All at once Patrick was beside him.

“They’re his,” he said. “I know they’re his because he showed them to me at school. A cowboy with a white hat and an Indian in a chief’s headdress. He told me he was coming to buy a new one. Omri wouldn’t steal.”

Mr. Yapp let go of Omri and looked at Patrick. He knew Patrick quite well, because it happened that Patrick’s brother had once been his paperboy.

“Will you vouch for him, then?”

“Course I will!” said Patrick staunchly. “I’m telling you, I saw ’em both this afternoon.”

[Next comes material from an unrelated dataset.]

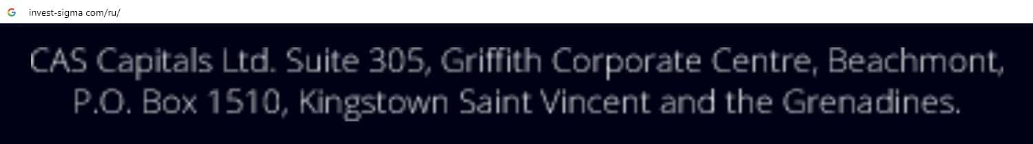 На сайте аферистов так же указано еще одно юридическое лицо Cas Capitals Ltd, которое управляет интернет-лохотроном Инвест Сигма.
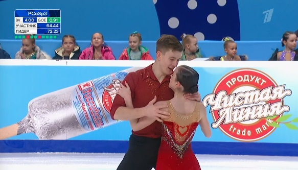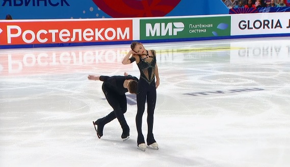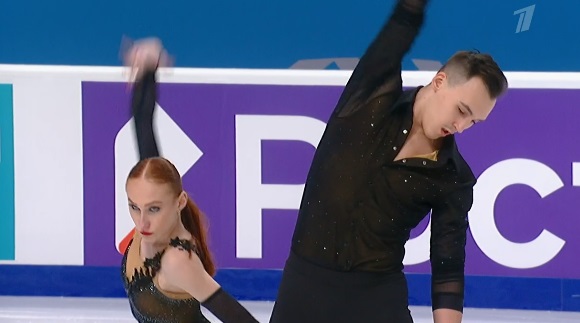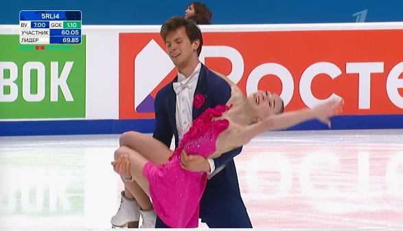 Сразу сделали блестящую секвенцию 3 сальхов + 2 аксель + 2 аксель. Продолжили тройной подкруткой четвертого уровня, выполненной на +2 балла. А вот параллельный тройной тулуп не вышел у партнерши. Очень сильные поддержки, выброс тройной флип тоже на уровне. Во второй части проката практически идеальный выброс тройной риттбергер. Замечательное выступление, но с одной ошибочкой.

But still the shopkeeper wasn’t absolutely convinced. “Let’s see if they fit your description,” he said.

Omri, who had been staring at Patrick as at some miraculous deliverer, felt his stomach drop into his shoes once more. But then he had an idea.

He reached both hands into his pockets. Then he held out one hand slowly, still closed, and everyone looked at it, though it was actually empty. The other hand he lifted to his
mouth as if to stifle a cough, and whispered into it, “Lie still! Don’t move!
Plastic!”
Then he put both hands before him and opened them.

The men played along beautifully. There they lay, side by side, stiff and stark, as like lifeless plastic figures as could possibly be. In any case Omri was taking no chances. He gave Mr. Yapp just long enough to see that they were dressed as Patrick had said before closing his fingers again.

Mr. Yapp grunted.

“Those aren’t from my shop anyhow,” he said. “All my Indian chiefs are sitting down, and that sort of cowboy is always on a horse. Well, I’m sorry, lad. You’ll have to excuse me, but you must admit, it did look suspicious.”

Omri managed a sickly smile. The crowd was melting away. Mr. Yapp shuffled back into the shop. Omri and Patrick were left alone on the pavement.

“Thanks,” said Omri. It came out as croaky as a frog.

“That’s okay. Have a Toffo.”

They had one each and walked along side by side. After a while they gave each other a quick grin.

“Let’s give them some.”

They stopped, took the men out, and gave them each some bits of the chocolate.

“That’s a reward,” said Patrick, “for playing dead.”

Little Bear then naturally demanded to know what it had all been about, and the boys explained as well as they could. Little Bear was quite intrigued.

“Man think Omri steal Little Bear?”

“Yes.”

“And Boone?”

Omri nodded.

“Omri fool to steal Boone!” roared Little Bear, laughing. Boone, stuffing himself with chocolate, gave him a dirty look.

“Where woman?” Little Bear asked eagerly.

“I’ve got her.”

“When make real?”

“Tonight.”

Patrick gave him a look of pure longing. But he didn’t say anything. They walked along again. They were getting near Omri’s house.

Omri was thinking. After a while he said, “Patrick, what about you staying the night?”

Patrick’s face lit up like a bulb.

“Could I? And see—”

“Yes.”

“Wow! Thanks!”

They ran the rest of the way home.

The Missing Key

O
mri’s brothers were already sitting at the tea table when the two boys rushed in.

“Hi! What’s for tea?” Omri asked automatically.

Gillon and Adiel didn’t answer. Adiel had a funny smirk on his face. Omri hardly noticed.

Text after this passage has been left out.